Closures in JavaScript¶
The concept of closures in JavaScript allows functions to remember and access variables from their lexical scope, even when the function is executed outside that scope.
What is a Closure?¶
- Definition
- A closure is a function that has access to its own scope, the scope of the outer function, and the global scope.
- Key Characteristic
- The inner function retains access to the variables and parameters of the outer function even after the outer function has returned.
How Closures Work¶
- Creating a Closure:
- A closure is created every time a function is created.
-
The inner function retains access to the variables and scope of the outer function.
-
Lexical Scoping:
- Lexical scoping means that a function's scope is defined by its physical position in the code.
-
The closure has access to variables in three scopes:
- Local scope (variables defined between its curly brackets)
- Outer function's scope
- Global scope
-
Variables Retention:
- The inner function retains the variables of the outer function even after the outer function has finished executing.
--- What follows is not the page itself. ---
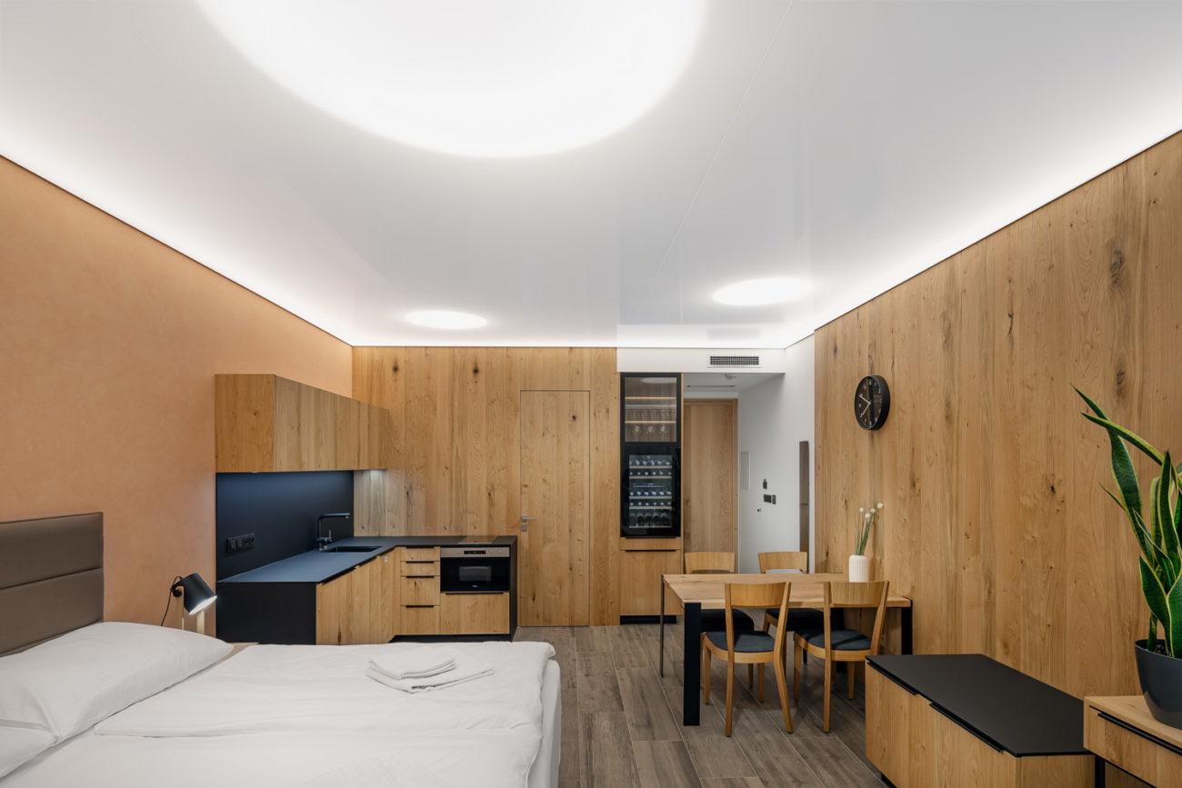 BARRISOL Lumiére – světelné podhledy v celém penzionu zajištují rovnoměrné a příjemné nasvícení jednotlivých prostor
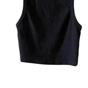 Zara Ribbed Mock Neck Black Racer Back Soft Cotton Cropped Tank Top SZ S #1712

- This retained scope is what makes a closure.
Example¶
function outerFunction() {
let outerVariable = 'I am from the outer function!';
function innerFunction() {
// Inner function accessing the outer function's variable
console.log(outerVariable);
}
return innerFunction;
}
const myClosure = outerFunction(); // outerFunction has returned, but the closure is alive
myClosure(); // Outputs: I am from the outer function!